The second issue about the output having no sound could be for a lot of different reasons, but a common enough cause is just that the amplitude of the signal is very small. Usually, before saving to wav, you want to normalize the signal between [-1, 1], if saving to float, or [-2**15, 2**15], if saving to int16.

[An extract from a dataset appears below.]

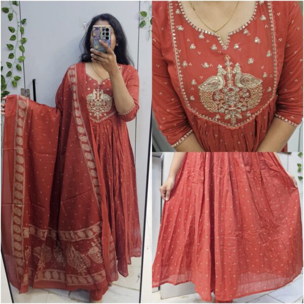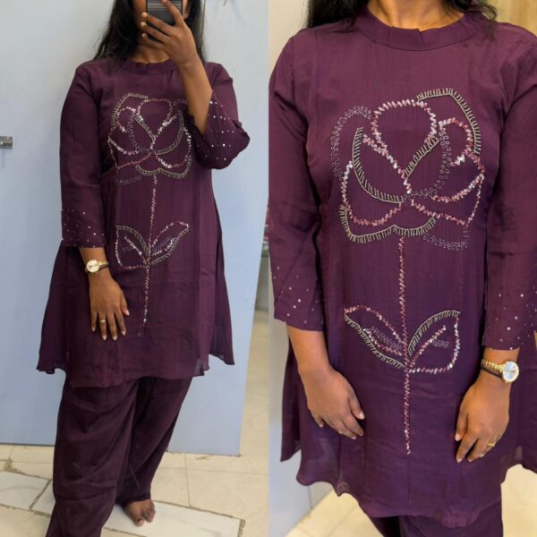 Dark Wine Chinon Handwork Kurta Set Palazzo Bottom PREMIUM- PMA281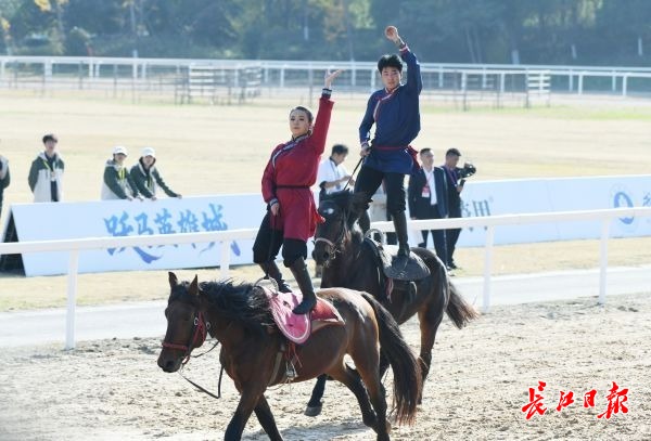 除了竞赛项目外,现场还设置了速度赛马、跑马射箭、马背体操三大表演项目。其中跑马射箭和马背体操也是今年新增的项目。“我们对今年的马运会暨赛马节进行了一个创新融合,力图将其打造为体育+文化+旅游的平台。”武汉商学院体育学院·国际马术学院院长李要南表示,“三个表演项目都很受观众的欢迎,速度赛马展现速度与激情,跑马射箭、马背体操则融合力与美,诠释中华传统马文化魅力。未来,我们每年都会尝试增加新项目,比如融合马术展览会、马术论坛等,让马运会暨赛马节成为全国乃至全球观众喜闻乐见的一个马术盛典。”

xiaojian10 commented 5 years ago

thank you very much for your suggestion. My code is as follows: Operating environment: jupyter-notebook Python : py3.5

import numpy as np
import matplotlib.pyplot as plt
from scipy.io import wavfile
from scipy.signal import fftconvolve
import IPython
import pyroomacoustics as pra
# specify signal and noise source
fs, signal = wavfile.read("arctic_a0010.wav")
fs, noise = wavfile.read("exercise_bike.wav")  # may spit out a warning when reading but it's alright!
# Create 6x6 shoebox room with source and interferer and simulate
Lg_t = 0.100                # filter size in seconds
Lg = np.ceil(Lg_t*fs)       # in samples
room_bf = pra.ShoeBox([6,6], fs=fs, max_order=12)
source = np.array([3, 1])
interferer = np.array([3, 5])
room_bf.add_source(source, delay=0., signal=signal)
room_bf.add_source(interferer, delay=0., signal=noise[:len(signal)])
# Create geometry equivalent to Amazon Echo
center = [3, 3]; radius =0.027
fft_len = 512; M = 4;
echo = pra.circular_2D_array(center=center, M=4, phi0=0, radius=radius)
echo = np.concatenate((echo, np.array(center, ndmin=2).T), axis=1)
#pra.beamforming.circular_2D_array(center, M, phi0=0, radius=radius)
mics = pra.Beamformer(echo, room_bf.fs, N=fft_len, Lg=Lg)
room_bf.add_microphone_array(mics)
R_n = (M * Lg)*(M * Lg)
# Compute  weights
#mics.rake_delay_and_sum_weights(room_bf.sources[0][:1])
#mics.rake_delay_and_sum_weights(source,interferer, R_n=None, attn=True, ff=False)
mics.rake_max_sinr_weights(room_bf.sources[0][:1])
#mics.rake_max_sinr_weights(source, interferer, R_n, rcond=0.0, ff=False, attn=True)
room_bf.compute_rir()
room_bf.simulate()
# plot the room and resulting beamformer before simulation
fig, ax = room_bf.plot(freq=[500, 1000, 2000, 4000], img_order=0)
ax.legend(['500', '1000', '2000', '4000'])
fig.set_size_inches(20, 8)

The above code is your sample code, the beamformer you are using is DAS, but I want to use other types of beamformers. I understand that if you transform the beamformer, you only need to change the weight of the beamformer,and maybe my understanding is wrong. You can try running the above code, and the same error as before will occur. Can you answer my confusion in your spare time?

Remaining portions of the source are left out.